Hype aside, mar­ket gains add up nicely

Tasmanian Country - - THE STOCK REPORT - Alis­tair Calvert

THERE have now been four sell­ing weeks since the midyear re­cess and dur­ing that time the wool mar­ket could be de­scribed as a roller­coaster.

Over the past few weeks we have seen in­creased re­port­ing on the highs of the wool mar­ket, thanks in part to SOME mi­cron types sur­pass­ing price lev­els pre­vi­ously seen dur­ing the last wool boom in the late 1980’s.

Those who re­main com­mit­ted to the in­dus­try know that this is re­ally only one side of the story; while the price be­ing re­ceived at the mo­ment is a stark im­prove­ment on where we have been for a long time, not much is men­tioned about the in­creased cost of pro­duc­ing one kilo­gram of wool.

As is the case with any hype cre­ated around an in­dus­try, it doesn’t al­ways tell the whole story.
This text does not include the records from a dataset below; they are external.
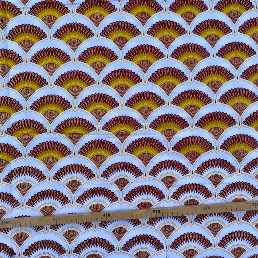 N’hésitez plus et craquez pour ce Tissu Wax pailleté marron imprimé Art Deco mini!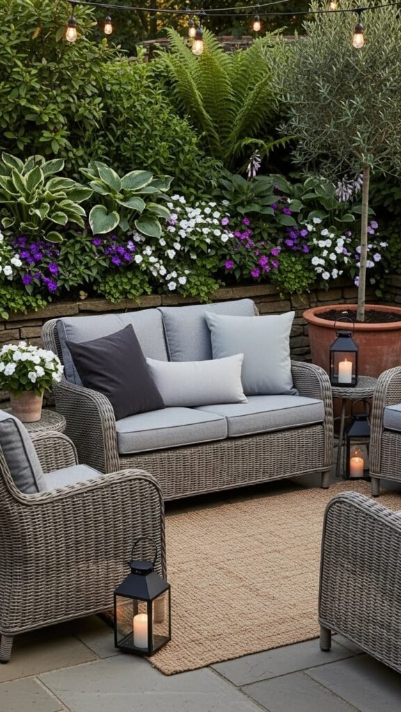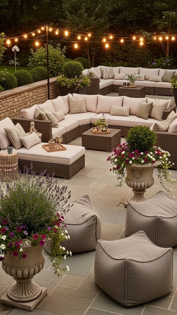 You’ll use a modular chaise and flexible ottomans to redefine paths, anchor planting pockets, and let seating adapt as evenings unfold.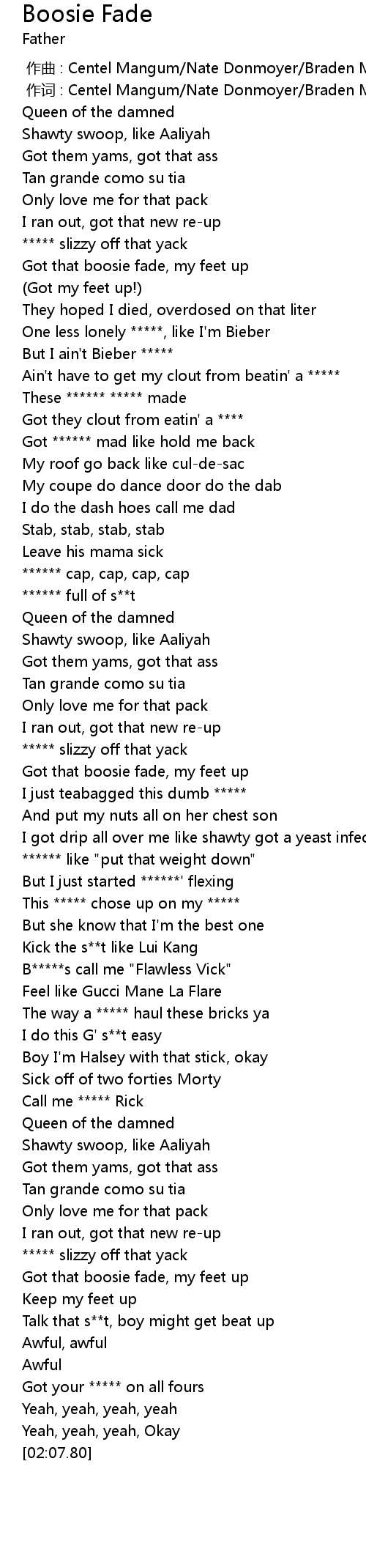 | [00:24.42] | Got that boosie fade, my feet up |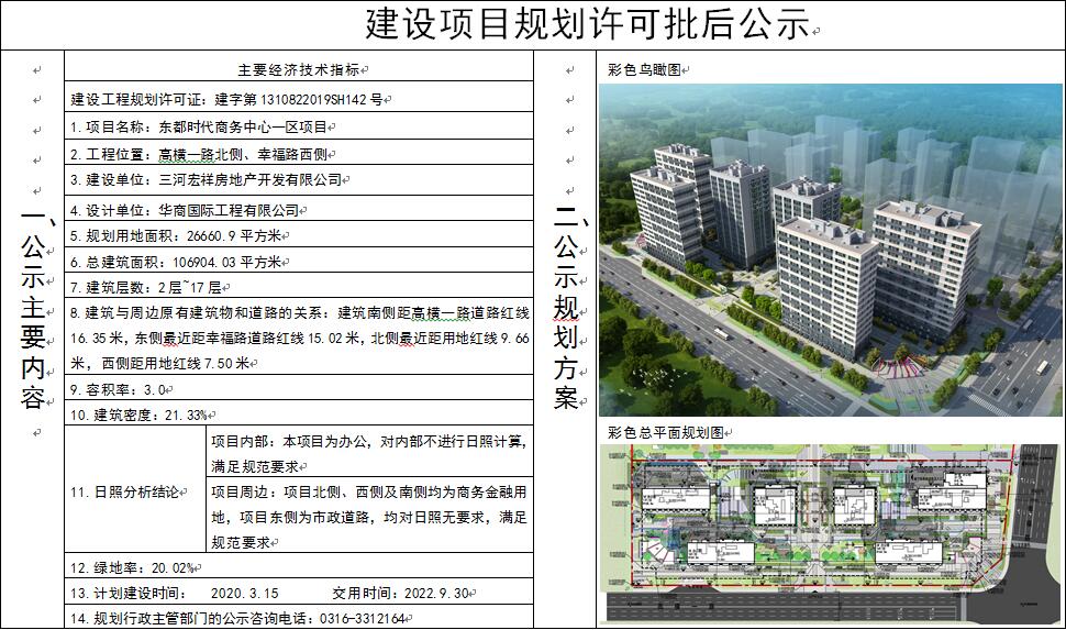 三河宏祥房地產(chǎn)開發(fā)有限公司申請的東都時代商務(wù)中心一區(qū)項(xiàng)目《建設(shè)工程規(guī)劃許可證》于2019年12月26日核發(fā),現(xiàn)依據(jù)河北省住建廳《關(guān)于進(jìn)一步加強(qiáng)城鄉(xiāng)規(guī)劃公示公布工作的指導(dǎo)意見》(冀建規(guī)【2011】397號),對此項(xiàng)目予以公布。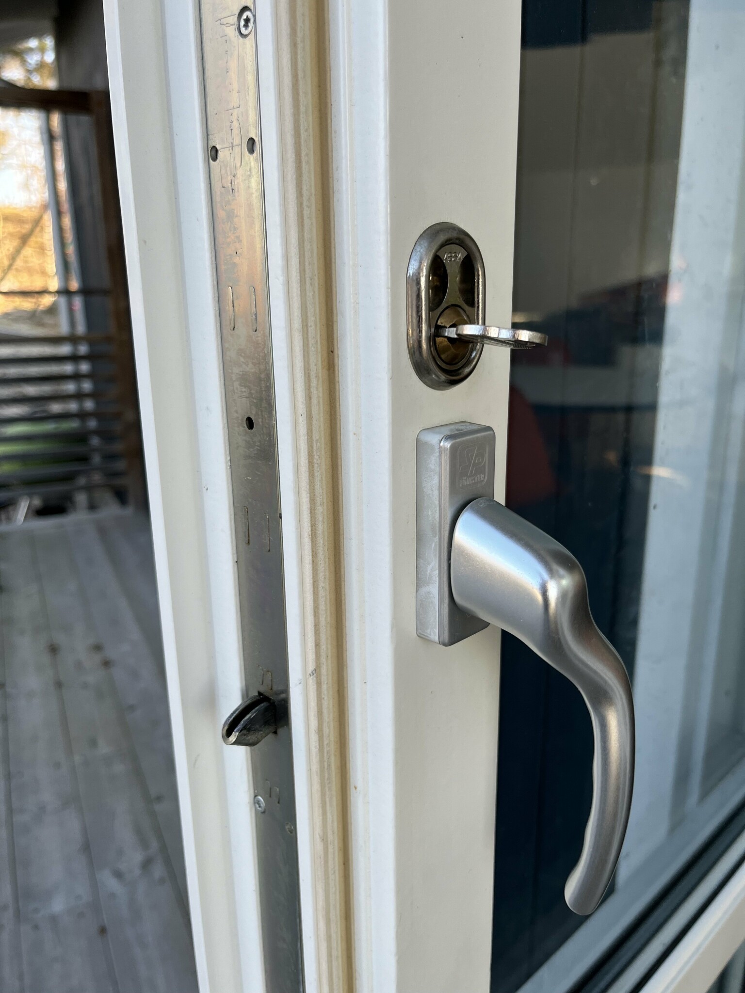 Låsningen av vår altandörr har börjat kärva. När man vrider nyckeln mot låst läge så tar det stopp. Både om dörren är stängd eller öppen.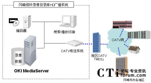 該系統(tǒng)以IP視頻傳輸系統(tǒng)“OKI MediaServer”為基礎(chǔ),是采用支持HD編碼裝置的錄像目錄庫(kù)系統(tǒng)。通過簡(jiǎn)單的GUI操作可以把編制成目錄的圖像制作成電視廣播節(jié)目并通過CATV電視臺(tái)播放。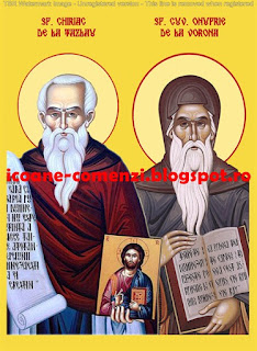 Sf onufrie de la vorona. între numeroşii părinţi ce au sfinţit pământul ţării noastre prin înalta lor viaţă duhovnicească se numără şi cuviosul onufrie cel mai mare sihastru al ţinuturilor botoşănene vieţuitor al schitului sihăstria voronei. Sfântul cuvios onufrie de la vorona 9 septembrie troparul cuviosului onufrie de la sihăstria voronei glasul al 8 lea. Proclamarea oficială a canonizării a avut loc pe data de 8 septembrie 2005 la mănăstirea vorona și pe 9 septembrie la mănăstirea sihăstria voronei. în ședința sa de lucru din 5 6 iulie 2005 sfântul sinod al bisericii ortodoxe române a aprobat canonizarea cuviosului onufrie de la sihăstria voronei cu data de prăznuire la 9 septembrie.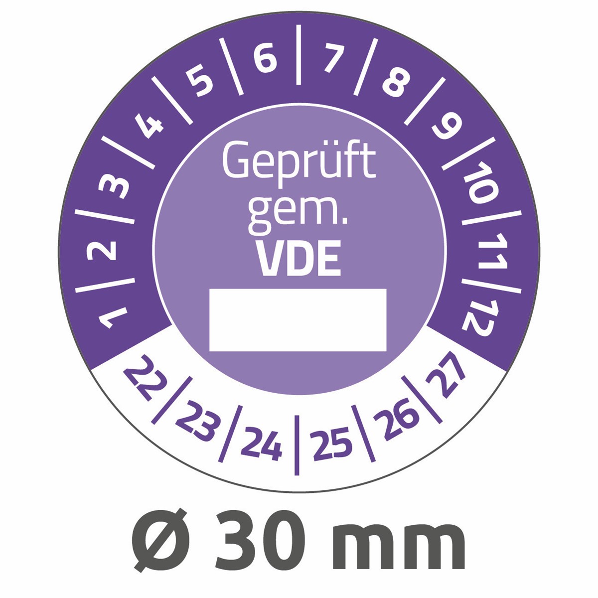Die violetten Prüfplaketten 6986-2022 im runden, Ø30mm Format von AVERY ZWECKFORM sind besonders abzieh- und manipulationssicher. 80 Prüfplaketten auf 10 Bogen im praktischen Spenderheft. Die Plaketten "Geprüft gem. VDE" mit 12 Monaten und den Jahren 2022-2027 lassen sich nur in kleinen Einzelteilen abziehen, was eine Übertragung der Prüfplakette unmöglich macht. Sie beugen damit Manipulation und Missbrauch aktiv vor. Die Prüfplaketten sind ideal zur individuellen Kennzeichnung Ihres Inventars und Eigentums vor Ort und sind einfach mit Folienstift zu beschriften. Die Plaketten haften auf vielen verschiedenen Oberflächen und sind resistent gegen Wasser, Öl, Reinigungs-, Desinfektions- und Lösemittel.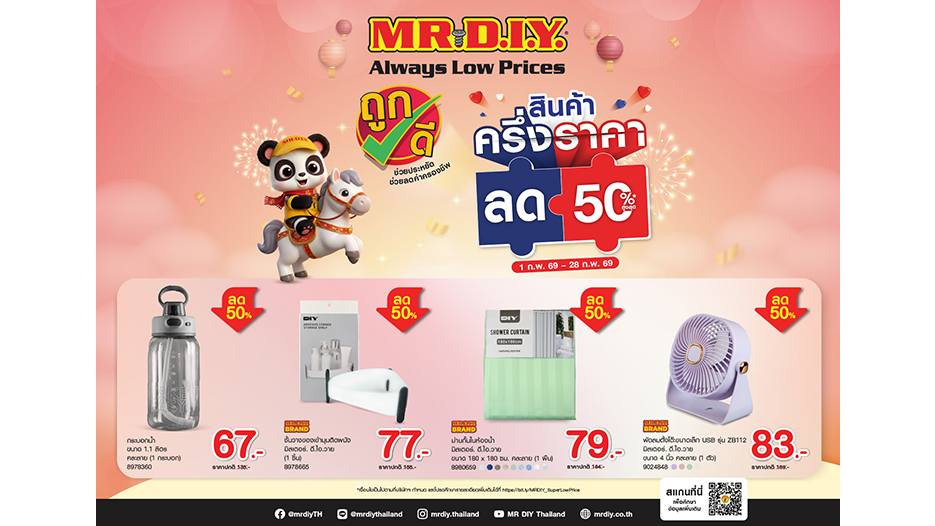 มิสเตอร์. ดี.ไอ.วาย. ผู้นำธุรกิจค้าปลีกอุปกรณ์ตกแต่งบ้านและสินค้าไลฟ์สไตล์ เดินหน้าช่วยประหยัด ออกโปรต่อเนื่อง นำ 4 สินค้ายอดนิยม ถูกดี(1) ลดครึ่งราคา 50% (สินค้ามีจำนวนจำกัด) เพิ่มความคุ้มค่าทุกการชอป เพื่อช่วยประหยัด ลดค่าครองชีพให้ลูกค้าทั่วประเทศไทย ณ ร้านมิสเตอร์. ดี.ไอ.วาย. สาขาที่ร่วมรายการ(2) ตลอดเดือนกุมภาพันธ์ 2569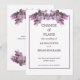 Anuncio de Boda de Retraso de Ramo Floral en una elegante fuente de escritura de lavanda oscura junto con su mensaje. Todo rodeado por un borde delgado de lavanda oscura.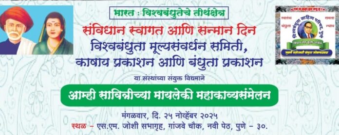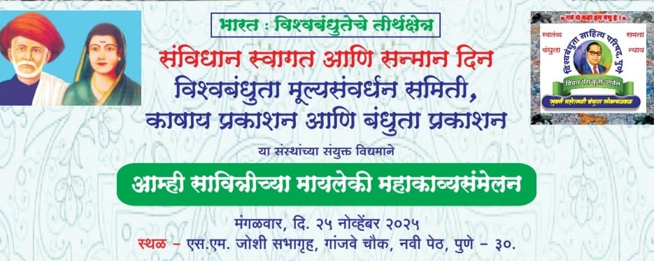 विश्वबंधुता साहित्य परिषद, पुणे यांच्या वतीने विश्वबंधुता मूल्य संवर्धन समिती, काषाय प्रकाशन आणि बंधुता प्रकाशन यांच्या संयुक्त विद्यमाने ‘आम्ही सावित्रीच्या मायलेकी महाकाव्य संमेलना’चे आयोजन करण्यात आले आहे. या कार्यक्रमात विविध क्षेत्रातील उत्कृष्ट कार्य करणाऱ्या महिलांचा सन्मान करण्यात येणार आहे. यामध्ये क्रांतीसुर्य सावित्री ज्योती पुरस्कार ,ज्ञानज्योती सावित्रीबाई फुले ज्ञानसाधना पुरस्कार, ज्ञानज्योती सावित्रीबाई फुले आदर्श विद्यार्थिनी पुरस्कार, संविधान सन्मान आदर्श पत्रकारिता पुरस्कार, ज्ञानज्योती सावित्रीबाई फुले आदर्श शिक्षिका पुरस्कार सदर पुरस्कार देऊन विविध क्षेत्रातील महिलांचा सन्मान करण्यात येणार आहे.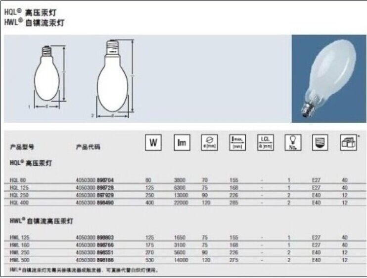 歐司朗 OSRAM HWL GYZ 500W E40 自鎮(zhèn)流汞燈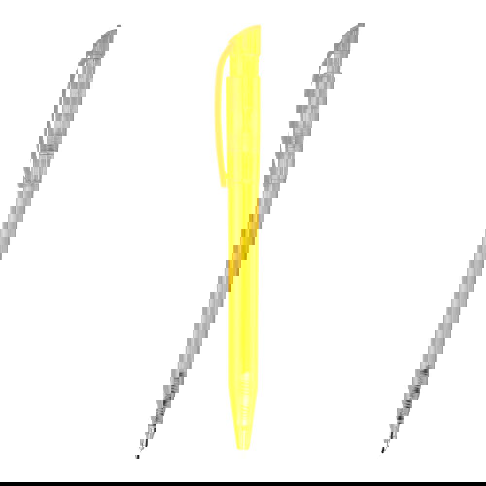 Moderner transparenter Kugelschreiber mit gebogenem Clip. Ein beliebter Werbeartikel wegen seiner großen Druckfläche. Druckkugelschreiber ausgestattet mit einer blau schreibenden X20-Refill-Mine. Druckkugelschreiber aus ABS, hergestellt in Europa. Ab einer Abnahmemenge von 5.000 Stück sind eigene Farbkombinationen möglich.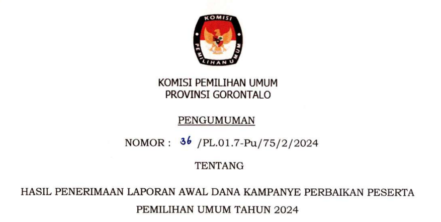 Pengumuman Hasil Penerimaan LADK Perbaikan Peserta Pemilu Tahun 2024

Back to the mar­ket, and part of the rea­son I men­tion the past four weeks in sales is so we can look at things with a lit­tle per­spec­tive.

On the first day of sell­ing this week we saw the mar­ket con­tinue to fol­low the di­rec­tion of last week, losing 20 cents to 30 cents across most cat­e­gories for the day in Melbourne.

In­ter­est­ingly, when we look at Syd­ney on the same day, su­perfine types were 40c dearer. This says more about the qual­ity of the wool on of­fer, with Syd­ney tra­di­tion­ally hav­ing a larger pro­por­tion of high­spec su­perfine types.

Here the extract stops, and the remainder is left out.